Wheat And Tares

In Matthew 13, we find a parable traditionally known as “Wheat and Tares.” More modern versions of the Bible translate “tares” as weeds. What we do know about “tares” is that they were a problem in the time of Jesus.

They looked like wheat when they first began to sprout but by the time a farmer could tell the difference, the only way to get rid of them would be to destroy the wheat as well.  

Thus, the tares were thrown into the fire at harvest.

Concerning the tares mixed with wheat, Jesus said…

An enemy has done this (Matthew 13:28, ESV).

Jesus also said in the same parable…

Let both grow together until the harvest, and at harvest time I will tell the reapers, Gather the weeds first and bind them in bundles to be burned, but gather the wheat into my barn (Matthew 13:30).

In the end-times, enemies of Jesus will sow seeds of intellectual doubt in the midst of those growing in faith.

The Apostle Peter wrote…

But false prophets also arose among the people, just as there will be false teachers among you, who will secretly bring in destructive heresies, even denying the Master who bought them, bringing upon themselves swift destruction (2 Peter 2:1).

The prediction (especially relevant today) is there will be enemies in our midst. People who are loving and helpful, yet proponents of destructive teaching.  

The book of Jude writes…

Certain people have crept in unnoticed… who pervert the grace of our God into sensuality and deny our only Master and Lord, Jesus Christ (1:4).

Certain people creep in unnoticed – HHHHMMMHHM…

Some work intentionally and some just repeat deception. It’s difficult to discern false teaching as proponents seem to be good people, and we don’t like to judge; we like to live and let live, and we don’t want to be narrow-minded.

In her book entitled Another Gospel, Alisa Childers writes about the time she was listening to the pastor of her church, and being uncomfortable with his teaching, talked to the pastor, who then suggested that she see a therapist.

Alisa writes about her trip to the therapist…

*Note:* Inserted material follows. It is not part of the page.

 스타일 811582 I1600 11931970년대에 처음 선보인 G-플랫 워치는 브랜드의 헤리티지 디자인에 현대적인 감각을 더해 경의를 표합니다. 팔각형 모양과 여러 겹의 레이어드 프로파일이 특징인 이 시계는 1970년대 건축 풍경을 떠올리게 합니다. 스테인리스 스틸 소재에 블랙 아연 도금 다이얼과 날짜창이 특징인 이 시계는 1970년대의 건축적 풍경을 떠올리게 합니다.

When I began to describe the discomfort I had been experiencing with the books, teachings, and discussions being facilitated by the pastor, she grabbed two fun-size Mars bars from the candy bowl on her desk. She laid them side by side and asked me to imagine her opening one of them and putting a different wrapper around it. That piece would still be a Mars bar… just in another wrapper. She told me that was what the pastor was doing – giving me the same candy with a different label.

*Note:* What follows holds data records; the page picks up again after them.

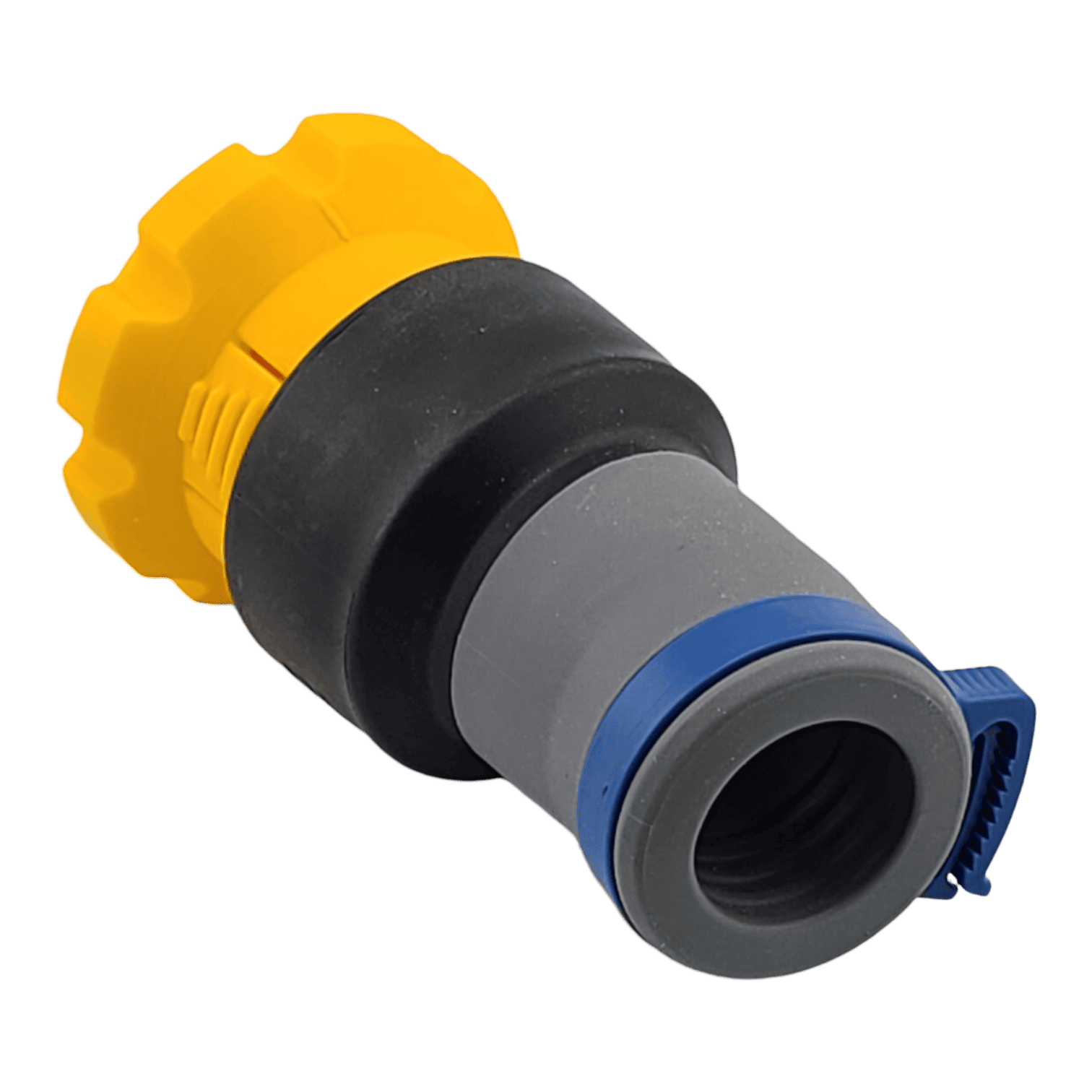 This magnetic adapter for FlexiPort tool connectors is the quickest way to make those connectors compatible with the HoseJoy system. The Rockler Click-Connect system is one of the best legacy solutions out there, but if you have it, you know that it can be a struggle to depress both of the little tabs in order to release the tool connectors, especially if you have weak or arthritic hands (despite the marketing, there’s really nothing quick or easy about the Rockler Click-Connect detachment method). This piece is the quickest way to convert to our superior magnetic connector system, and it requires no modification of your existing FlexiPort tool connectors — just click it in and you’re ready to connect to any of our magnetic hose connectors.
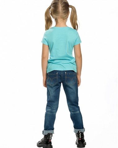 Брюки для девочек. Утеплённые джинсы прямого силуэта из эластичного денима с начёсом; металлическая фурнитура; пояс из рибаны с регулировкой ширины. Состав: 68%хлопок 30%полиэстер 2%эластан
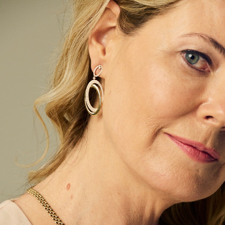 A striking pair of statement earrings featuring interlinking oval drops, beautifully crafted in 18ct yellow gold. Set with 160 round brilliant cut diamonds totalling 1.22 carats, these earrings radiate elegance and movement with every turn.
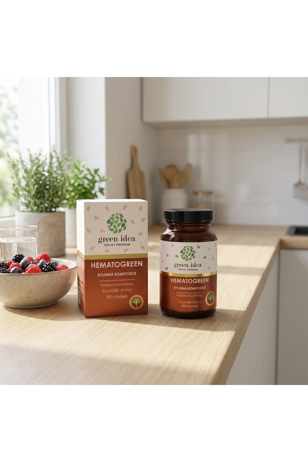 Hematogreen je směs bylin a vitamínů, které podporují krvetvorbu (hematopoézu). Železo přispívá k normální tvorbě červených krvinek a hemoglobinu a k normálnímu přenosu kyslíku v těle. Železo je proto důležité pro normální zásobení těla kyslíkem, podporuje správnou funkci imunitního systému a snižuje míru únavy a vyčerpání. Vitamín C zlepšuje vstřebatelnost železa do těla. Kyselina listová má obdobnou funkci jako železo, je proto důležitá k podpoře krvetvorby. Vitamín B12 podporuje tvorbu červených krvinek a zlepšuje vstřebatelnost železa. Bylinný komplex obsahuje přesličku, štětku lesní, vinnou révu, granátové jablko, černý bez, ženšen, piperin, konopici, česnek a anděliku. Bylinný komplex podporuje činnost kardiovaskulárního aparátu (pružnost), zlepšuje pevnost vlásečnic, pozitivně ovlivňuje krvetvorbu, podporuje krevní oběh v jemných kapilárách a zlepšuje transport kyslíku.
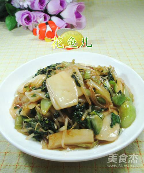 接着,合入已清洗好的绿豆芽和年糕片,加少许清水翻炒翻炒。
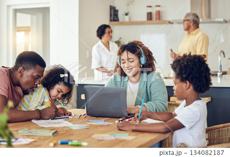 Family, education and work from home support, children writing and drawing with parents working on laptop. Biracial people, mother and father helping with remote job, teaching kids and language talk
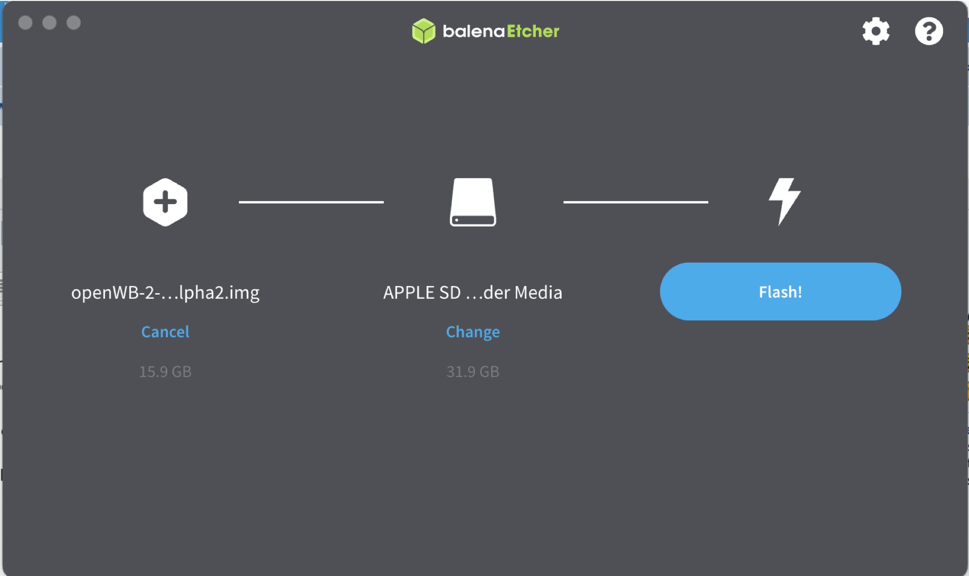 2) ich wolle dann mit einer anderen SD Karte das Image (openWB-2-bullseye-alpha2.img) für die 2.0 installieren. Mit balenaEtcher auf Mac hat das allerdings nicht funktioniert. Direkter Abruch beim Schreiben (siehe Screenshot).

My inner monologue quipped, she has it backward. “It seems to me that he’s putting the same wrapper on two entirely different kinds of candy,” I replied. “It looks the same on the outside, but the core of it is very different.” Wheat among tares.

Grace taught in the Bible has singular truth – Jesus is the only way, the Bible is true, miracles happen, there is right and wrong, human sexuality is defined clearly, we are all sinners, there will be a Judgment Day, and that we live in faith, hope, and love until Jesus returns.

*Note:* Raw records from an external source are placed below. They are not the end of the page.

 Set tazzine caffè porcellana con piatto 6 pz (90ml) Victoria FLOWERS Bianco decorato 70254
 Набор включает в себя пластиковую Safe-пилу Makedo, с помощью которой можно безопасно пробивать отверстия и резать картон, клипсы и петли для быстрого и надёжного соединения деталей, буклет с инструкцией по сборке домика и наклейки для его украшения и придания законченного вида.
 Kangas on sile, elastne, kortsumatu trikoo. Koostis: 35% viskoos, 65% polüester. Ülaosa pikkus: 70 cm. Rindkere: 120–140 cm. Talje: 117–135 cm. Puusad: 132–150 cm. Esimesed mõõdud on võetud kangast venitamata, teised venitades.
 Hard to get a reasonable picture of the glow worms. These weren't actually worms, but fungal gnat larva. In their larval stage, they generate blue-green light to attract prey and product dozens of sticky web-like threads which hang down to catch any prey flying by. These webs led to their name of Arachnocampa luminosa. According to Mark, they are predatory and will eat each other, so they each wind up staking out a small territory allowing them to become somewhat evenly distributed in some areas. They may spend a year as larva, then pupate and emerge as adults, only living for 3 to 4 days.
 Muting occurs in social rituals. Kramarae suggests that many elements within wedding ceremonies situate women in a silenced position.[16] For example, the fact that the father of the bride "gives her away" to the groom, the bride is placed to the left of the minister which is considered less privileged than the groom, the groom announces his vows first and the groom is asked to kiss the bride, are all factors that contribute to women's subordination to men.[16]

As Jude suggests with his comment, “… those who pervert the grace of God.” Or as Alisa Childers said, “different candy, same wrapper” (Any teaching specializing in doubt, skepticism, and seemingly enlightened ridicule that undermines Jesus, the Bible, and purity.). 

Ultimately, as tares mature, they produce a harvest of doubt instead of faith, anxiety instead of hope, and anger instead of love.

Hopefully not too late! I pray you discern the tares.